I bought my bike because it was awesome looking admittedly. Was going to use them for my triathlon debut. Then i read that softrides are banned? all i can say is that this blows! What the hell am i supposed to do with my bike then?


----------



## HAL9000 (May 1, 2002)

Ride it, or give it to me.


----------



## divve (May 3, 2002)

Their website states that if you're slow you have nothing to worry about:

Question: I've heard that Softrides are illegal for racing?
Answer 1: Road Racing - For road racing, Softrides are illegal for racing in UCI (Union Cycliste Internationale) sanctioned events. There are under a dozen UCI sanctioned races in the US and the rule only affects pro/elite, category 1 and 2 racers. If you are not a category 1 or 2 racer, racing in a UCI event, you are totally unaffected by this rule. Softrides are 100% legal for all USCF (United States Cycling Federation) and USAC (USA Cycling) sanctioned events at all levels, including pro/elite.


----------



## TurboTurtle (Feb 4, 2004)

omniviper said:


> I bought my bike because it was awesome looking admittedly. Was going to use them for my triathlon debut. Then i read that softrides are banned? all i can say is that this blows! What the hell am i supposed to do with my bike then?
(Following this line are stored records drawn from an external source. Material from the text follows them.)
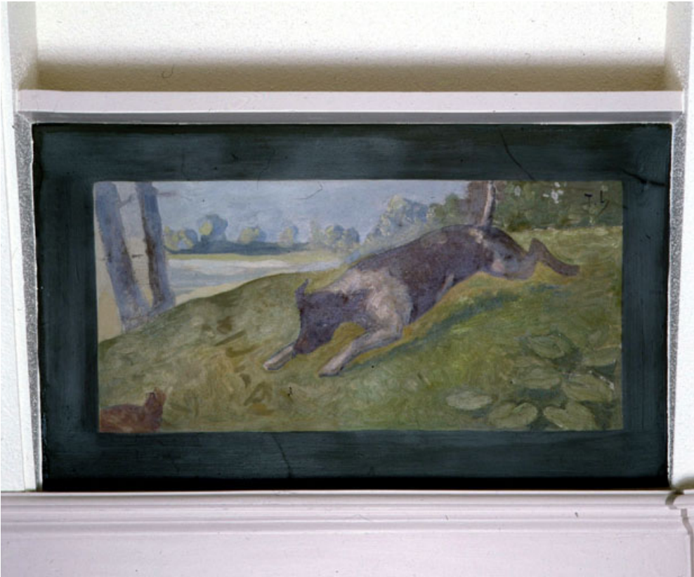
Chien poursuivant un animal, vue générale.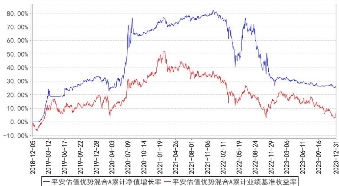
平安估值优势混合A累计净值增长率与同期业绩比较基准收益率的历史走势对比图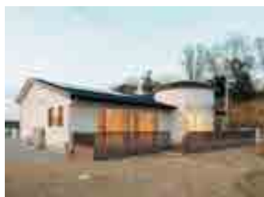
事業所保育所 I☆KIDS そうま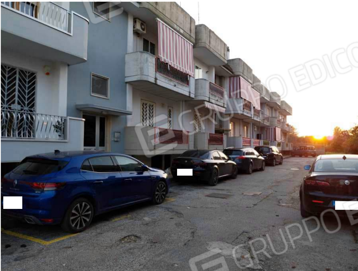
FOTO NN.7-8: STABILE CONDOMINIALE OVE A PRIMO PIANO E' POSTO L'IMMOBILE IN STIMA. PORTONE D'ACCESSO AL CIV.51A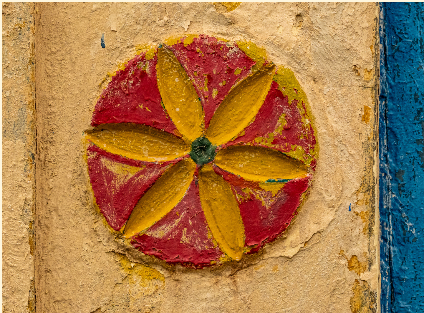
Symbole de roue solaire Ramla 03/2025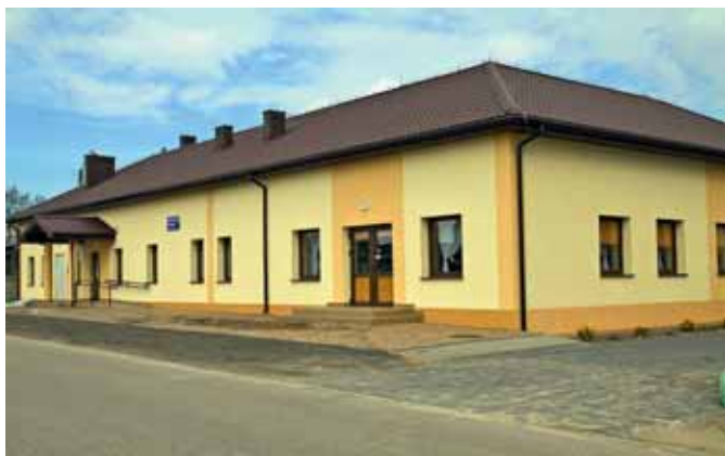
Świetlica wiejska w Komorowie

I don't think the UCI has anmything to do with triathlons. - TF


----------



## omniviper (Sep 18, 2004)

yeah they don't. It's just that I was thinking that if I can do triathlons, how different are bikethons or dualthons for that matter right? you never know when you would join them


----------



## Dave Hickey (Jan 27, 2002)

omniviper said:


> yeah they don't. It's just that I was thinking that if I can do triathlons, how different are bikethons or dualthons for that matter right? you never know when you would join them


Unless you are racing in Europe or a Cat 1 or 2 elite racer in the states, what the UCI bans is of no importance.


----------



## fleck (Mar 25, 2005)

hehe, i just got a sick deal on a softride rocket
dura ace 9, profile carbon aero bar/stem combo, 303 clinchers...
1300 

crack in front 303 rim so i'll have to get that repaired
but i've got a set of tubie 303s already plus some deeper dish HED wheels i'll use on it.


----------